The 9th Circuit issued its ruling in Coalition for ICANN Transparency v. VeriSign. It begins,
This appeal is about whether the plaintiff, Coalition for ICANN Transparency, Inc., using antitrust statutes drafted in the late 19th century, has successfully stated claims in connection with the administration of the Internet domain name system, so essential to the operation of our sophisticated 21st century communications network. The district court ruled that the plaintiff failed. With the benefit of extensive briefing, collegial discussions and amicus participation on appeal from other players in the domain name system, we hold that the plaintiff has stated claims under both Sections 1 and 2 of the Sherman Act, 15 U.S.C.
Congratulations to Bret Fausett who wrote a brief that deserved to win.
I'm also pleased to note that the court relied in a small but key part on an article I co-wrote with Mark Lemley,
CFIT has essentially alleged that ICANN is a private standards-setting body akin to the NFPA. ICANN administers the DNS and is responsible for entering into agreements with registry operators like VeriSign. According to the complaint, ICANN’s mission includes a commitment to promoting competition for the contracts. CFIT’s allegations further state that ICANN, like the NFPA, is a private body with no public accountability. These allegations are consistent with the view held by commentators on the subject, who have, indeed, identified Allied Tube as providing the strongest argument in favor of imposing antitrust liability on those who seek to coerce ICANN. See Michael Froomkin & Mark A. Lemley, ICANN and Antitrust, 1 U. Ill. L. Rev. 1, 72-73 (2003) (noting that “given ICANN’s private status, VeriSign will face antitrust liability for persuading a private company in a position of power to grant it control over a market,” and naming Allied Tube as the “closest analogue”). We hold, therefore, that pursuant to The Supreme Court’s holding in Allied Tube, CFIT has adequately alleged that VeriSign’s improper coercion of ICANN and attempts to control ICANN’s operations in its own favor violated Section 2.
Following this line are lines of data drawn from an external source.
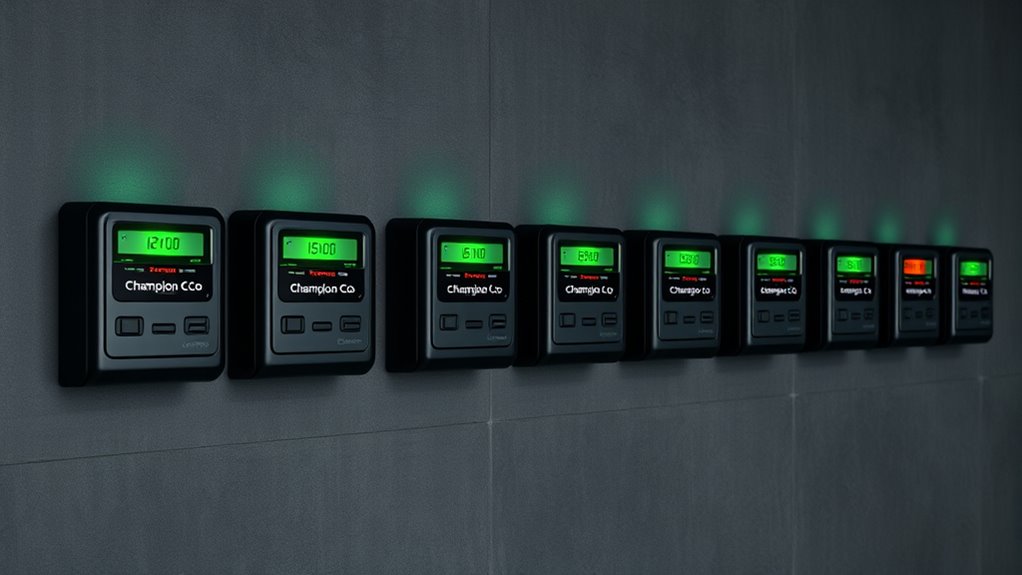 When selecting a Champion CO alarm for your generator, verifying that it meets recognized safety standards is key to guarantee reliable protection. Look for alarms certified under standards like UL2034 and NFPA 720, which ensure proper detection and safety features. These certifications indicate the alarm has been tested for reliability and compliance. Additionally, choose models with features such as auto shutoff and tamper-resistant designs to meet safety regulations. Confirm that the alarm is rated for your environment, whether residential or industrial, by checking for UL listing. It’s also wise to select alarms with clear expiration indicators or lifespan certifications, typically around 5 to 7 years, to assure ongoing safety and effectiveness. These standards help you trust that your CO alarm will perform when needed most.
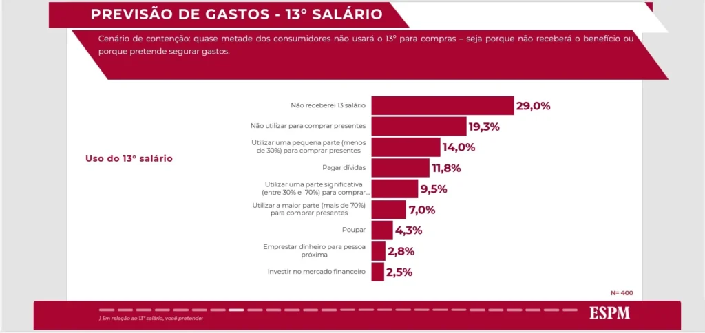 Sobre o 13º salário, o slide abaixo revela um cenário de forte contenção. Quase metade dos consumidores não usará o 13º salário para compras, seja porque não receberá o benefício (29%) ou porque pretende segurar gastos (19,3%). Entre os que usarão, a maioria destinará apenas uma pequena parte para presentes, enquanto 11,8% priorizarão o pagamento de dívidas – evidenciando a pressão financeira que convive com a intenção de consumo para o fim do ano.
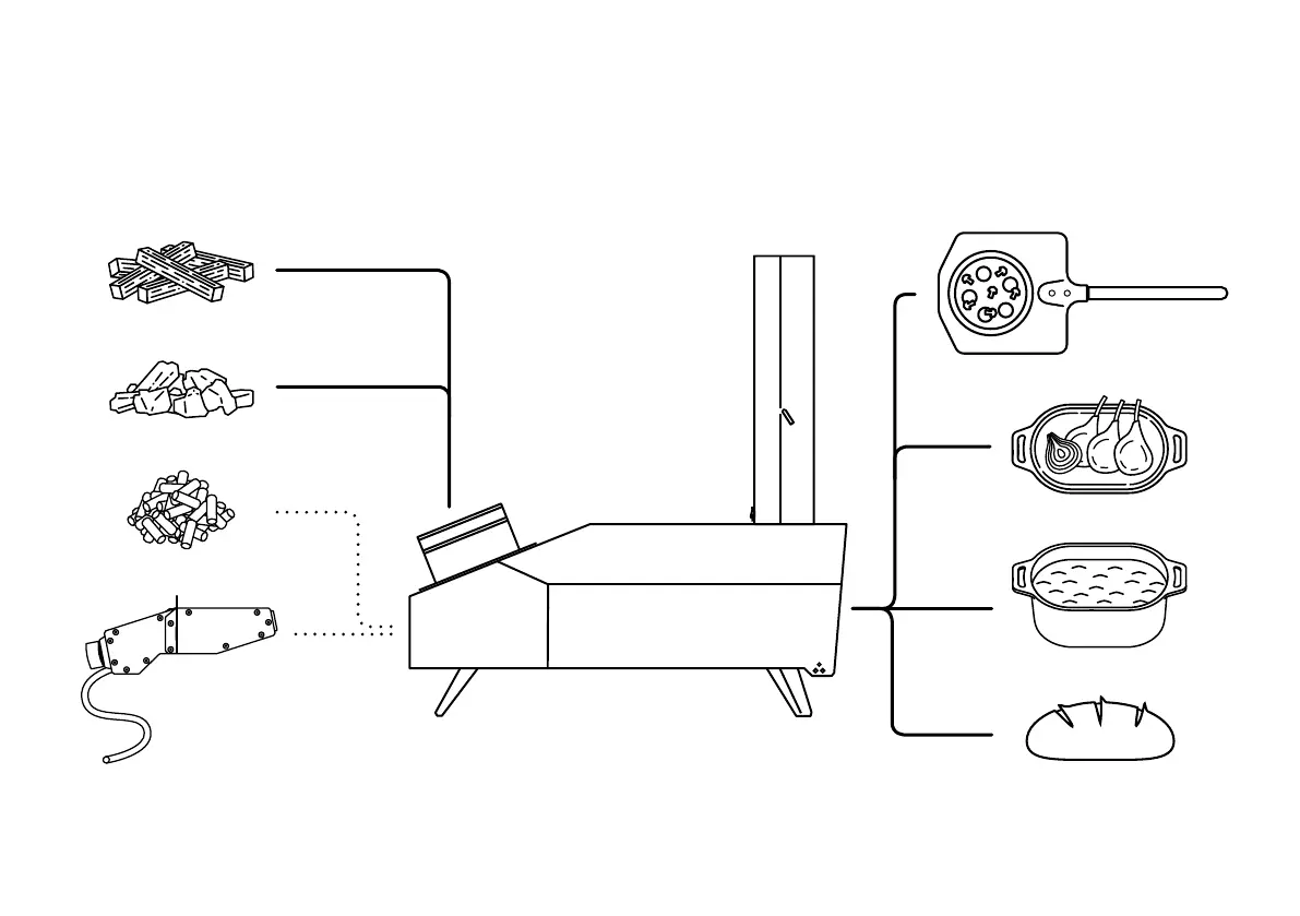 *pellet burner required if using pellets. Pellet burner and gas burner sold separately at uuni.net. Region dependent.

One of the underlying assumptions in the award of the .com contract has always been that there could only be one registry per GTLD. So the only scope for increasing ‘competition was by expanding the number of GTLDs.
This is of course not doing anything except to line the pockets of ICANN and various rentseekers who apply for the gTLDs. Off the top of my head, I cannot name any gTLD other than .com, .net and .org that has more than one DNS name that I could remember.
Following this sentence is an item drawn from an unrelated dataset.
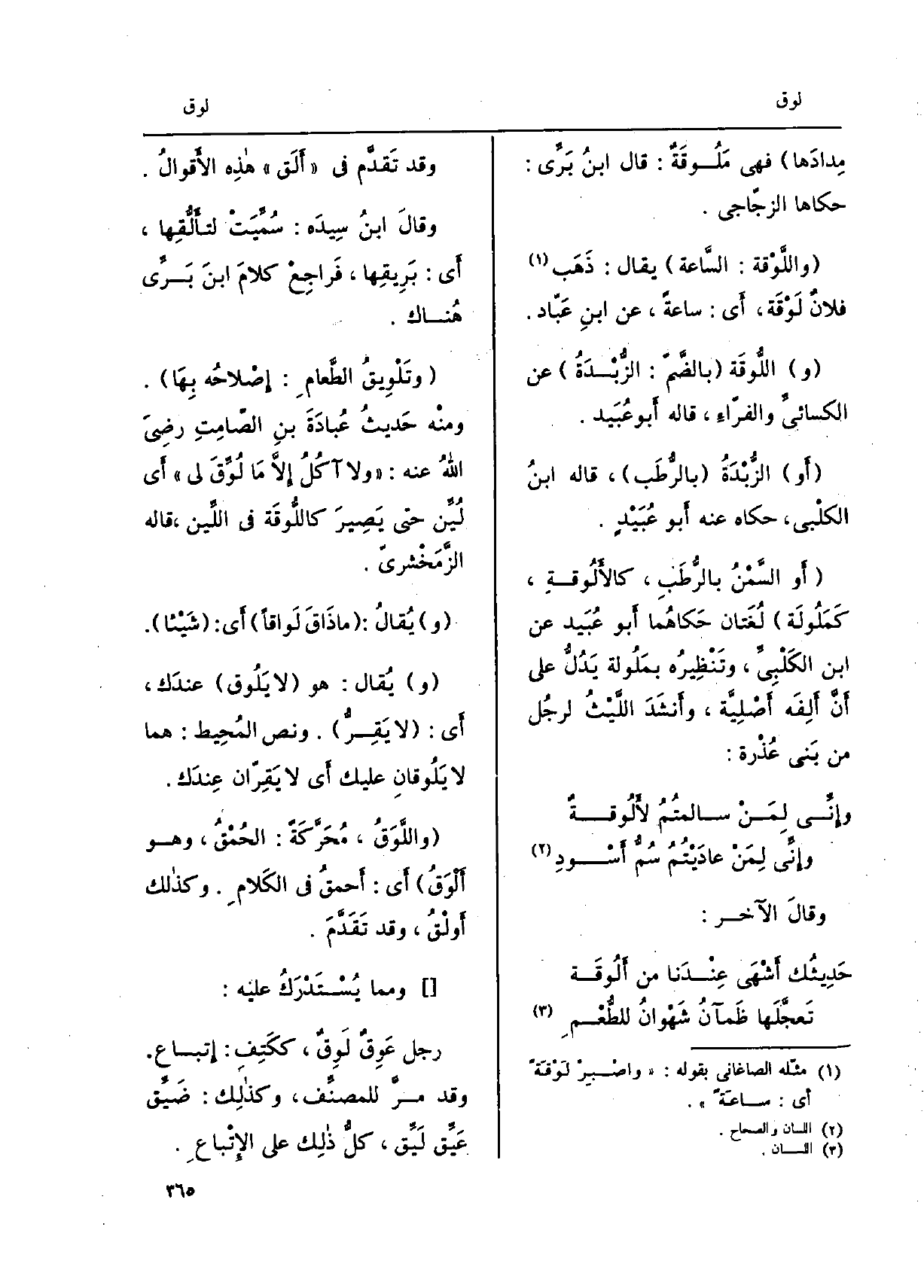 وَقد تقدّم فِي ألَق هَذِه الْأَقْوَال. وَقَالَ ابنُ سيدَه: سُمّيَت لتألُّقِها، أَي: بَريقِها، فراجِعْ كلامَ ابنَ برّي هُناك.} وتلْويقُ الطّعام: إصْلاحُه بِها. ومنْه حديثُ عُبادَة بنِ الصّامِتِ رضِيَ الله عَنهُ: وَلَا آكُلُ إِلَّا مَا {لُوِّقَ لي أَي لُيِّن حَتَّى يَصير} كاللُّوقَة فِي اللّين، قَالَه الزّمخشري. ويُقال: مَا ذاقَ {لَواقاً أَي: شَيْئاً. ويُقال: هُوَ لَا} يَلوق عندَك، أَي: لَا يَقِرُّ. وَنَصّ المُحيط: هما لَا {يَلوقانِ عَلَيْك أَي لَا يَقِرّان عندَك.} واللَّوَق، مُحرّكةً: الحُمْق، وَهُوَ {ألْوَقُ أَي: أحمقُ فِي الكَلامِ. وَكَذَلِكَ أولقُ، وَقد تقدّم. وَمِمَّا يُسْتَدْرَكُ عَلَيْهِ: رجل عَوِقٌ} لَوِقٌ، ككتِف: إتعباع. وَقد مرّ للمصنِّف، وَكَذَلِكَ: ضَيِّق عيِّق! لَيِّق، كلّ ذلِك على الإتْباع.

A far better approach would be to break up the registry functions into three parts:
1) Preparation of the domain, interfacing with the registrars etc.
2) Contracts to provide constellation servers in various locations.
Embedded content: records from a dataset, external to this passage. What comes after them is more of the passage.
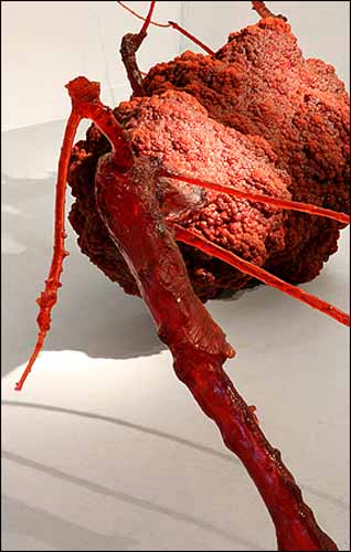 Pour Javier Pérez, les branches d’arbres sont des bronches aux couleurs sanguines. Le rouge est sa couleur favorite, qu’il qualifie de «couleur-sève». Sa cosmogonie est en pleine évolution, ses pièces en totale hybridation, en véritable mutation. Comme dans La Métamorphose de Kafka, où un homme se transforme en insecte, le végétal et l’animal s’entremêlent pour produire des œuvres hybrides et oniriques, fragiles et violentes, belles et répulsives.
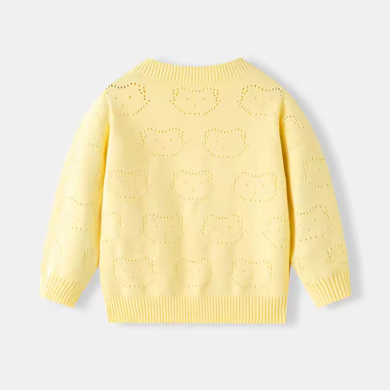 เสื้อคาร์ดิแกนถักนิตติ้งสำหรับเด็กผู้หญิงน่ารัก 0-3 ปี เสื้อกันหนาวเด็กผู้ชายสีพื้นแขนยาวลายการ์ตูนหมี เสื้อคลุมกันแดดเนื้อบาง
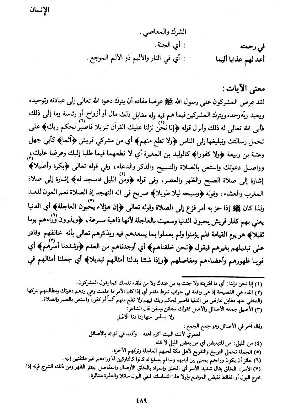 لقد عرض المشركون على رسول الله صَلَّى اللهُ عَلَيْهِ وَسَلَّمَ عرضا مفاده أن يترك دعوة الله تعالى إلى عبادته وتوحيده ويعبد ربه وحده ويترك المشركين فيما هم فيه وله مقابل ذلك مال أو أزواج أو رئاسة وما إلى ذلك فأبى الله تعالى له ذلك وأنزل قوله {إِنَّا نَحْنُ1 نَزَّلْنَا عَلَيْكَ الْقُرْآنَ تَنْزِيلاً فَاصْبِرْ2 لِحُكْمِ رَبِّكَ} على تحمل رسالتك وتبليغها إلى الناس {وَلا تُطِعْ مِنْهُمْ} أي من مشركي قريش {آثِماً} كأبي جهل وعتبة بن ربيعة {ولا كَفُوراً} كالوليد بن المغيرة أي لا تطعهما فيما طلبا إليك وعرضا عليك، وواصل دعوتك واستعن بالصلاة والتسبيح والذكر والدعاء، وفي قوله تعالى {بُكْرَةً وَأَصِيلاً} 3 إشارة إلى صلاة الصبح والظهر والعصر، وفي قوله {وَمِنَ4 اللَّيْلِ فَاسْجُدْ لَهُ} إشارة إلى صلاة المغرب والعشاء، وقوله {وَسَبِّحْهُ لَيْلاً طَوِيلاً} صريح في انه التهجد إذ الصلاة نعم العون للعبد ولذا كان صَلَّى اللهُ عَلَيْهِ وَسَلَّمَ إذا حز به أمر فزع إلى الصلاة وقوله تعالى {إِنَّ هَؤُلاءِ يُحِبُّونَ5 الْعَاجِلَةَ} أي الدنيا يعني بهم كفار قريش يحبون الدنيا وسميت بالعاجلة لأنها ذاهبة مسرعة، {وَيَذَرُونَ 6وَرَاءَهُمْ يَوْماً ثَقِيلاً} هو يوم القيامة قلم يؤمنوا ولم يعملوا بما يسعدهم فيه ويذكرهم تعالى بأنه خالقهم وقادر على تبديلهم بغيرهم فيقول {نَحْنُ خَلَقْنَاهُمْ} أي أوجدناهم من العدم {وَشَدَدْنَا أَسْرَهُمْ7} أي قوينا ظهورهم وأعضاءهم ومفاصلهم {وَإِذَا شِئْنَا بَدَّلْنَا أَمْثَالَهُمْ تَبْدِيلاً} أي جعلنا أمثالهم في

3) A contract to monitor the performance of the constellation servers, payment being tied to performance. This would include random DoS testing targeted at individual servers to determine if there is sufficient capacity.
While there is only one credible bidder for the .com contract as it stands, each of the functions listed above would be well within the capacity of many national ISPs. A competitive market could be established in a very short period of time.